The Sheepshead Bay Houses’ 2,703 residents have 3,428 maintenance requests that have remained outstanding for an average of 349 days of no action from NYCHA. Almost half the requests (1,559) are for repairs to crumbling ceilings and walls, broken doors, and uprooted floors, for which the average number of days outstanding is 349. Residents wait the longest, 458 days on average, for a fresh coat of paint, which accounts for slightly over a quarter of complaints. But 122 complaints about pests including rats and roaches have sat unaddressed for an average of 250 days, and at least one unlucky tenant has had to live with vermin for nearly three years without a response from NYCHA.
The Nostrand Houses, home to 2,459 people, have 3,367 complaints outstanding, for an average of 318 days. Similar to the Sheepshead Houses, interior repairs to walls, ceilings and floors account for nearly half the complaints (1,515, waiting for an average of 349 days), and just over a quarter are comprised of requests for paint jobs (852, waiting for an average of 390 days). Residents also complain about leaky pipes and water trickling through the ceilings, for which they’ve been forced to wait for an average of 273 days, with the longest request – repairs to a shower – having gone unaddressed for more than three years.

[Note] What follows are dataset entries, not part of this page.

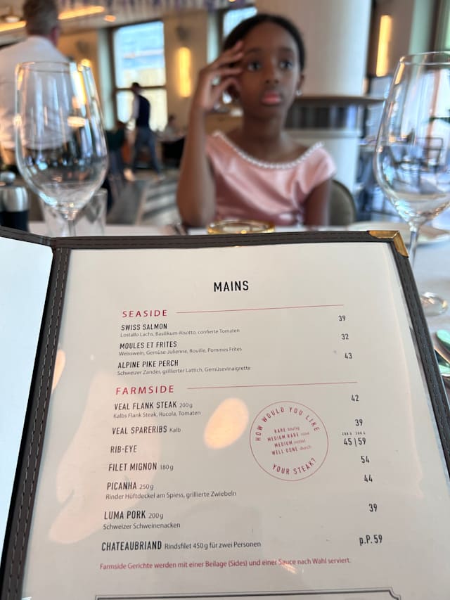 9.5/10Food and wine were both first class- service attentive without being intrusive. Great location and would undoubtedly go again. Decent value for Switzerland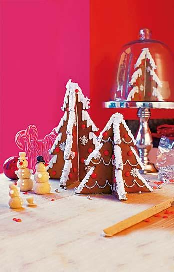 Пряничные елочки в белой глазури, печенье с орехами, штоллен и миндальные звездочки.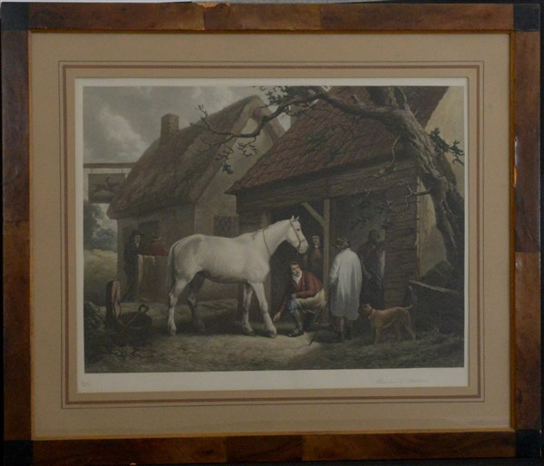 Acquatinta inglese raffigurante scuderia con cavallo (foglio cm 48x61 circa), in cornice (difetti)

The list reveals that more than 5,000 of the area’s residents are not only under neglectful management from NYCHA, but face the risk of tragedy every day. Between the two buildings, 47 requests for asbestos and lead removal, repairs to the fire sprinklers and suppression systems, and the replacement of fire extinguishers, have gone ignored for an average of 250 days, with the longest outstanding complaint being on file with the agency for 568 days.

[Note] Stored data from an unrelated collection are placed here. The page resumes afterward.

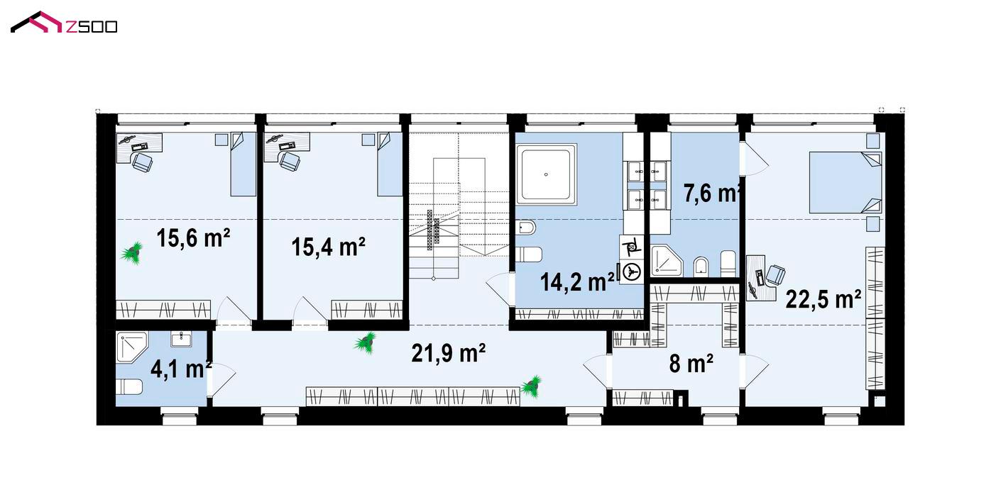Проект Z540 благодаря стильному экстерьеру и уютному просторному интерьеру привлекает застройщиков разных поколений. Дом, возведённый по данному проекту, – идеальное решение для больших семей, которые ценя комфорт и большие светлые пространства.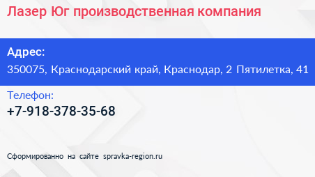 Лазер-Юг, производственная компания по адресу 350075, Краснодарский край, Краснодар, 2 Пятилетка, 41 в дальнейшем Организация, размещена в следующих категориях: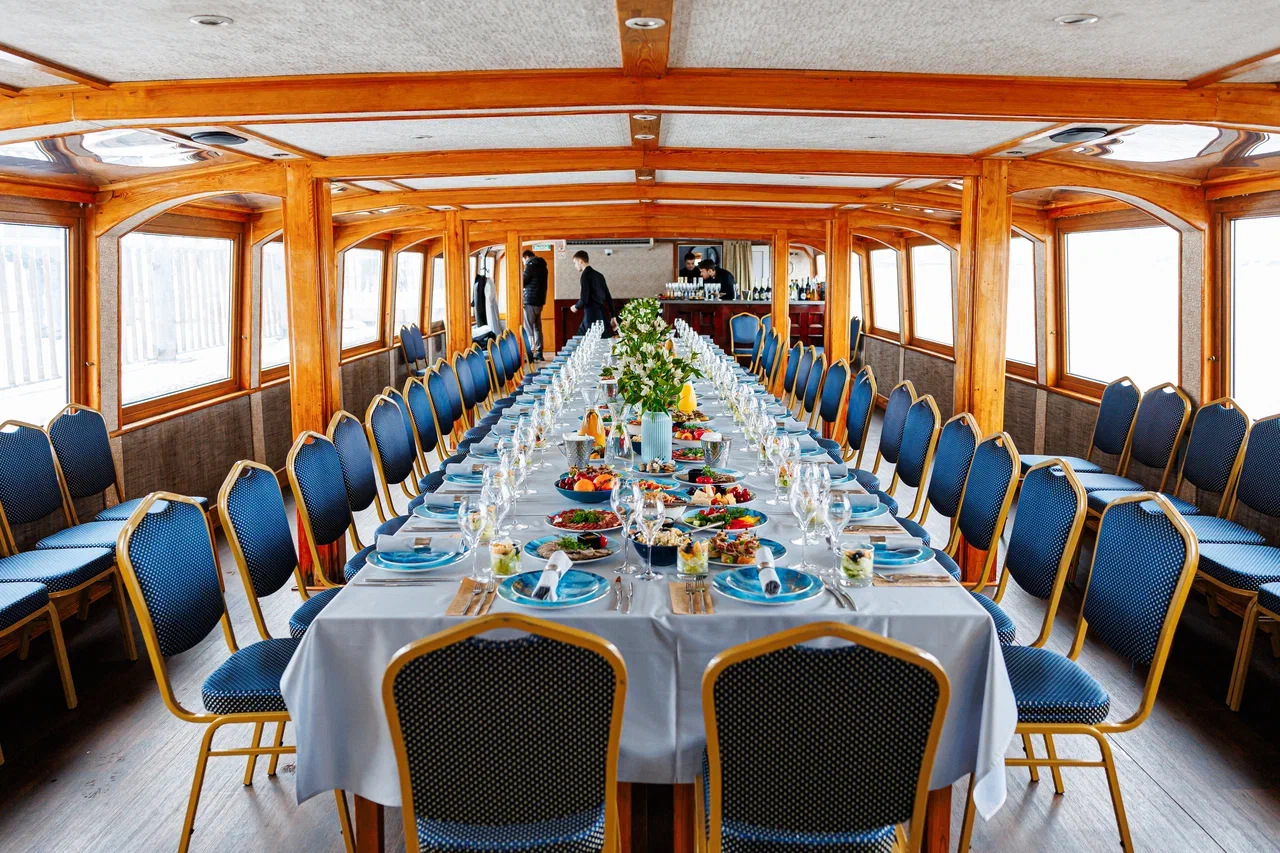 Большой и просторный зал, расположенный на нижней закрытой палубе, оформлен в светлых песочных тонах с отделкой из дерева, что придает интерьеру особый шарм и уют. По желанию клиента зал может быть оформлен в соответствии с тематикой мероприятия, что поможет создать тем самым неповторимую атмосферу праздника.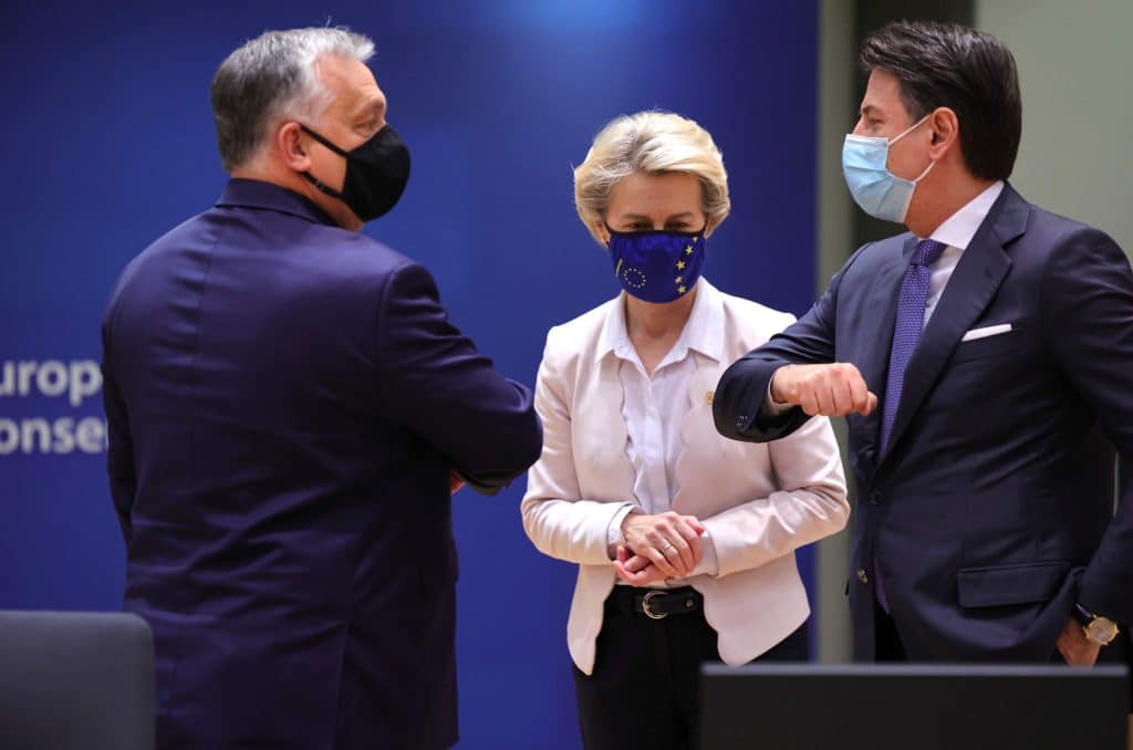 Unkari ja Puola olivat etukäteen uhanneet kaataa molemmat paketit. Syynä oli se, että EU-komissio, EU-parlamentti ja muut EU-jäsenmaat halusivat rahoituksen ehdoksi oikeusvaltioperiaatteen noudattamisen. Se tarkoittaisi, että EU-komissio voisi ottaa käyttöön niin sanotun oikeusvaltiomekanismin, jolla evättäisiin EU-tukien myöntäminen sääntöjä rikkovalle jäsenmaalle. Unkari ja Puola vastustivat ehdotusta.
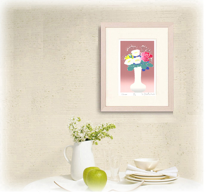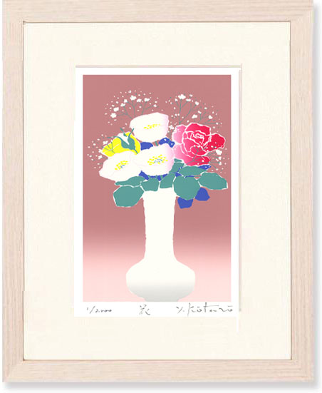 吉岡浩太郎 インテリアアート界の第一線で活躍し、シルクスクリーン版画の第一人者として不動の地位を確立した画家です。 アートワーク : 花「花」は、シンプルながらも華やかな花々の静物画です。

The two properties are the worst of the 13 NYCHA houses in Southern Brooklyn, and among the worst in the borough, according to the website.
Making matters worse, the agency appears to do a terrible job communicating with residents about even those maintenance issues they are working on. After they came under fire in January, NYCHA has attempted to tackle more then 200,000 of the complaints – yet doesn’t appear to be able to answer residents’s questions. Two weeks ago, for example, NYCHA posted signs in the Sheepshead Houses warning residents of asbestos abatement, but failed to note where in the building it was and what risk, if any, it posed to residents.

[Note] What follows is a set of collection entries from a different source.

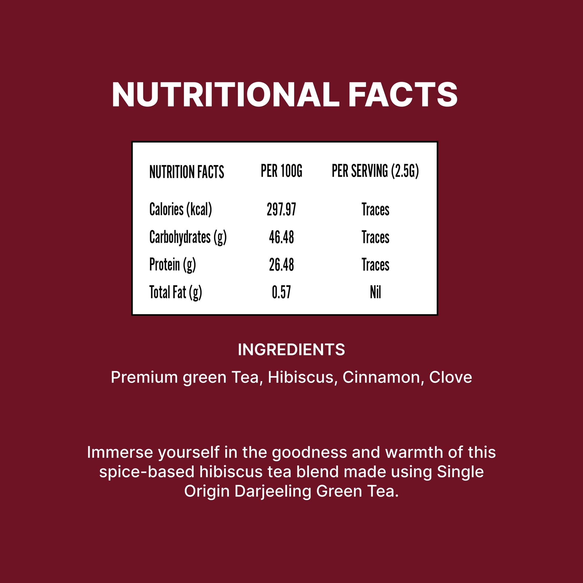 Immerse yourself in the goodness and warmth of this spice-based hibiscus tea blend made using Single Origin Darjeeling Green Tea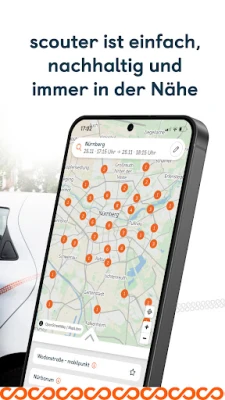 An einer der vielen scouter Stationen in deiner Umgebung hast du immer ein passendes Auto zur Verfügung. Jederzeit, wenn du es brauchst. Jedes Auto hat eine feste Station in unserem Netz, an der es bereitsteht und zu der es wieder zurück muss.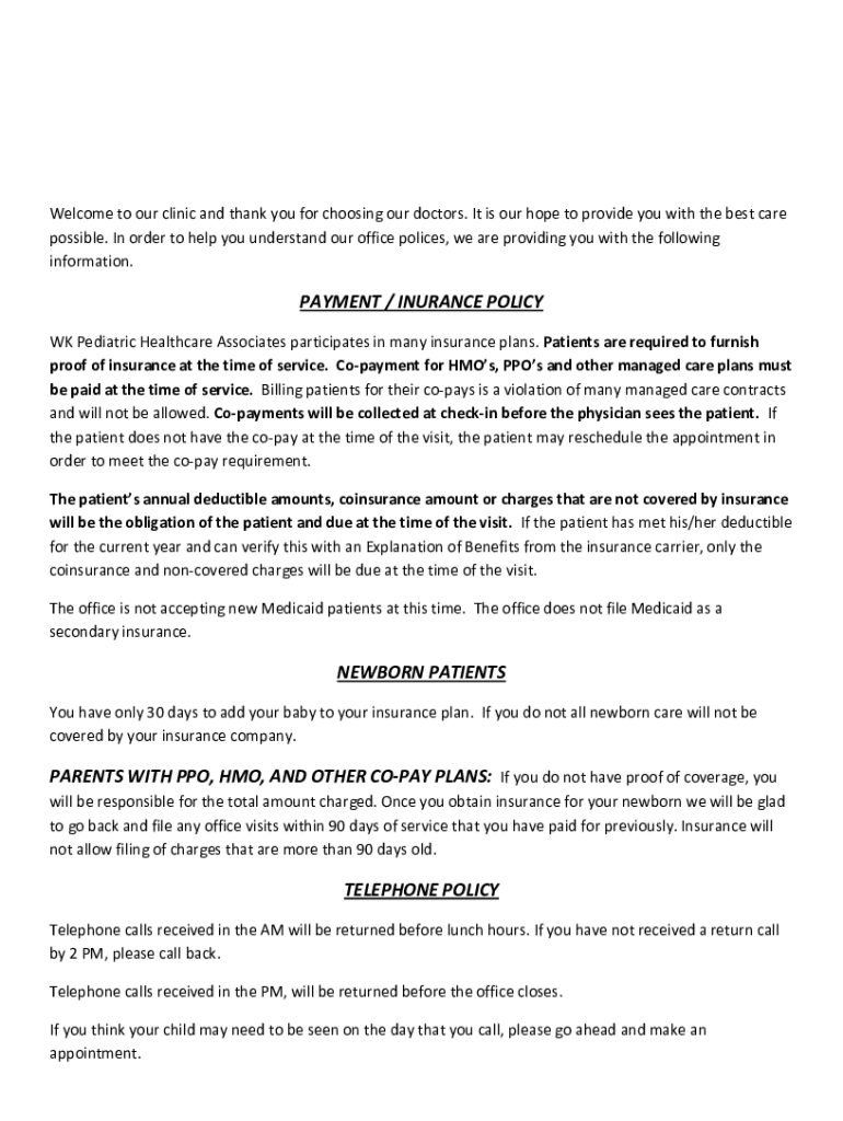 Welcome to our clinic, and thank you for choosing our doctors. It is our hope to provide you with the best care possible. In order to help you understand our office polices, we are providing you with

Story continues after photo.
That caused concern for Cookie Ann, one of the housing projects’ residents, and mother to a young asthmatic.
“I’m scared my son is already asthmatic and now has a nasty upper respiratory infection,” she told Sheepshead Bites.
When she tried to call the agency to find out what was going on, she said they had no record of work being done in the building.
“I just called housing and they had no clue about asbestos in our building but the city put up signs. Now I’m worried. What can I do?” she said.